The machining deformation error of thin-walled components is influenced by the coupled effects of multiple factors, including cutting forces, thermal effects, residual stresses, and fixturing strategies [3]. Considerable efforts have been devoted to investigating this problem through various approaches. In terms of mechanistic perspective, Chen et al. [4] developed an analytical model incorporating initial residual stress and stress redistribution effects, and proposed a time-varying second moment of area formulation for deformation error prediction in components with different cross-sectional geometries. The validity of the model was verified through experiments and numerical simulations, and the influence of machining parameters on deformation and surface roughness was further discussed. Wang et al. [5] proposed an analytical model for predicting machining-induced deformation in frame-type components, investigated the measurement of initial residual stress distributions, and analyzed the effects of neutral layer shift and residual stress on deformation behavior. Zhu et al. [6] examined the influence of initial residual stress on dimensional stability and developed an analytical model based on the principle of virtual work to predict the excessive deformation of prestressed bodies under external loading, achieving a prediction accuracy approximately 10% higher than that of conventional models. Although analytical models exhibit potential advantages for industrial applications due to their high computational efficiency, the complexity involved in model construction cannot be ignored. At present, most extended analytical models are developed based on bending moment theory [7] and the strain energy density release principle [5].
From the perspective of finite element simulation, several studies have focused on improving deformation error prediction accuracy for thin-walled components. Zhang et al. [8] proposed a non-uniform allowance planning method for thin-walled parts, in which the finite element method was employed to add material following a reverse material removal sequence, calculate cutting force thresholds, and update workpiece stiffness iteratively, thereby effectively reducing deformation error and improving machining accuracy. Ge et al. [9] developed a fast deformation calculation method based on stiffness matrix reduction and established a prediction model for cutting force–induced errors, reducing the prediction time of each cutting step from tens of seconds in conventional finite element analysis to tens of milliseconds, and achieving a machining error reduction of more than 53.6%. Yao et al. [10] investigated the post-machining deformation of titanium alloy fan blades using ABAQUS, in which residual stress effects were considered and experimental measurement data were incorporated to construct the finite element model, thereby validating the feasibility of finite element analysis for predicting blade deformation.

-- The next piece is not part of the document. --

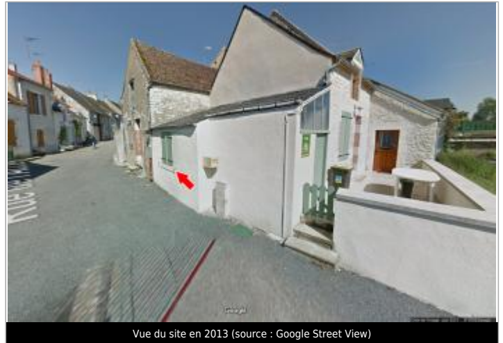
Vue du site en 2013

Coordonnées WGS84 : X: 2.31275660 / Y: 46.85678300

Dynamic machining signals, such as spindle power and energy-related information, have been demonstrated to contain rich process-related characteristics and have been widely utilized in machining process modeling and optimization [11]. Building upon these signal-based modeling efforts, data-driven approaches have in recent years been increasingly extended to the prediction of machining deformation in thin-walled components, aiming to overcome the modeling difficulties and computational inefficiency associated with traditional mechanistic models and finite element methods under complex machining conditions. Chen et al. [12] proposed a data-driven framework that integrates physical models with machine learning to achieve real-time prediction of bottom thickness errors during pocket milling of aerospace thin-walled parts. Although the prediction accuracy was improved to a certain extent, the feature construction of this approach remains dependent on specific machining configurations, and its generalization capability requires further validation. Sun et al. [13] developed an engineering knowledge-based sparse Bayesian learning method for fast and accurate prediction of machining errors in aerospace thin-walled components, which was experimentally validated, but the utilization of multi-source dynamic signals was still relatively limited. Zhao et al. [14] proposed an online deformation prediction method based on deep learning, in which a fourth-order tensor was constructed to represent continuous workpiece geometry, machining information, and monitoring data, and combined conventional neural networks with recurrent neural networks to predict workpiece deformation. However, such deep learning models generally exhibit a strong dependence on the scale and quality of training data.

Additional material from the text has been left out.